Last Updated: 11 September 2014

Casualties and Victim Assistance

Action points based on findings

·         Re-dedicate funding to the Kenya Psychiatric Center and Ziguinchor Regional Hospital (CRAO) rehabilitation center to ensure the availability of mental health services for mine/explosive remnants of war (ERW) victims.

·         Ensure the sustainability of physical rehabilitation for mine/ERW victims and other persons with disabilities in the Casamance region.

Victim assistance commitments

The Republic of Senegal is responsible for a significant number of survivors of landmines and ERW who are in need. Senegal has made commitments to provide victim assistance through the Mine Ban Treaty.

Casualties Overview

All known casualties by end 2013

832 (180 killed; 639 injured; 13 unknown)

Casualties in 2013

8 (2012: 24)

2013 casualties by outcome

5 killed; 3 injured (2012: 4 killed; 20 injured)

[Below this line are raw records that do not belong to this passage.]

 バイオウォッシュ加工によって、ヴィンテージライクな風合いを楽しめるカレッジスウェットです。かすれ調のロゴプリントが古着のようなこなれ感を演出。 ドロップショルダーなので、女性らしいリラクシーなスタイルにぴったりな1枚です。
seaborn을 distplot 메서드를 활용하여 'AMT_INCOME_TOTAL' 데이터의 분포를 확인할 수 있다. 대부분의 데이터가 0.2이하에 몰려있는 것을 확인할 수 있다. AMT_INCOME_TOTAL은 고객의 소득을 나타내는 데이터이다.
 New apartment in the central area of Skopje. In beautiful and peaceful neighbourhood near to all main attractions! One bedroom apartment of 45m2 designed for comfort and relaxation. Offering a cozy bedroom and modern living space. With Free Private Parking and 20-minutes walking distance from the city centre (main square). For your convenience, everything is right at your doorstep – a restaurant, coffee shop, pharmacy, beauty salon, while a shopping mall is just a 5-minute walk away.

2013 casualties by item type

1 antipersonnel mines; 7 undefined mines

In 2013, the Monitor identified eight mine/ERW casualties in Senegal.[1] Of these eight mine/ERW casualties, six were recorded by the Senegalese National Mine Action Center (Centre national d’action antimines au Sénégal, CNAMS); the remaining two were reported in the media and by Handicap International (HI).[2] There were six civilian casualties reported in 2013, including one woman and her child who died when their cart rolled over a mine. In January 2014, one single incident resulted in four child casualties.[3]

Nearly all casualties in 2013 occurred in the north of Casamance, near the border with Gambia.

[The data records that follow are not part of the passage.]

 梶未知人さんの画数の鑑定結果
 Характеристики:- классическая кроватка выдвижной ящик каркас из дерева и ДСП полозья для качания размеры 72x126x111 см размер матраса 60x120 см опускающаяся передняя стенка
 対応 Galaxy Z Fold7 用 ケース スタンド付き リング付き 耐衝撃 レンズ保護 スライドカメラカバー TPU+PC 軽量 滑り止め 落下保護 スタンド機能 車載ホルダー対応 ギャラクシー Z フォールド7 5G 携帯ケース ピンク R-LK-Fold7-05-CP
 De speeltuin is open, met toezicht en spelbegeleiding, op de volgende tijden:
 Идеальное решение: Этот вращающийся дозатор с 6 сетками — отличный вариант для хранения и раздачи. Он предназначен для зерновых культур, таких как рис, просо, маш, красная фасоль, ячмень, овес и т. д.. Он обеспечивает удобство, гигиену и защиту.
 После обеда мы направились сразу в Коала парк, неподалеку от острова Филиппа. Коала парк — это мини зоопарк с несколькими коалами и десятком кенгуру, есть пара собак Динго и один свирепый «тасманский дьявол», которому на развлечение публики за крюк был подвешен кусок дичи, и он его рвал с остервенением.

The eight casualties identified for 2013 represented a significant decrease from the 24 casualties reported in 2012. The rise in the annual casualty rates recorded in 2011 and 2012 was explained by the increase in mine casualties among combatants. In 2013, just two of the eight casualties were among combatants, indicating a changing dynamic in the conflict situation in the Casamance. Fluctuations in the security situation in Casamance have resulted in variable annual mine casualty rates in Senegal over the last several years.[4] Following an intensification of violence since 2011, violence decreased throughout 2013, explaining the decline in casualties among combatants in 2013.[5] The number of civilian casualties has remained at similar levels in recent years.[6]

In 2013, the Senegalese Association of Mine Victims (Association sénégalaise des victimes de mines, ASVM) also reported that continued mine risk education efforts in the Casamance region prevented even more significant numbers of civilian casualties during the year.[7]

The Monitor identified at least 832 casualties (180 killed; 639 injured; 13 unknown) between 1988 and the end of 2013.[8] This included 576 civilian casualties and 243 military casualties.[9] As of April 2014, CNAMS registered a total of 814 casualties (179 killed; 635 injured) of which 578 were civilians and 236 were military.[10] Since 2005, all reported casualties have been caused by mines.[11]

Victim Assistance

By the end of 2013, there were at least 639 mine/ERW survivors in Senegal, including 431 civilians and 208 military survivors.

Victim assistance since 1999[12]

Most mine/ERW survivors in Senegal live in the Casamance region where services are much more limited than elsewhere in the country. Senegal has reported on several occasions that it is committed to victim assistance, but at the same time has acknowledged that needs were not being met due to a lack of resources. The government relied on international and national NGOs, including the Senegalese Association of Mine Victims (Association sénégalaise des victimes de mines, ASVM) and HI to implement activities. Years of conflict and continued intermittent violence devastated infrastructure and prevented access to services.

Throughout 2013, emergency medical care was limited and response times depended on the location of the incident; the army provided assistance. NGOs continued to consider evacuation of injured victims as one of the biggest challenges in accessing appropriate emergency medical care.[13] Follow-up medical care was only available in the two regional hospitals, which had sufficient capacity but had equipment that only worked intermittently and experienced shortages of supplies. These two hospitals and their satellite centers also provided physical rehabilitation. Improvements in the availability of free follow-up medical care and physical rehabilitation were noted at the CRAO in 2013.[14]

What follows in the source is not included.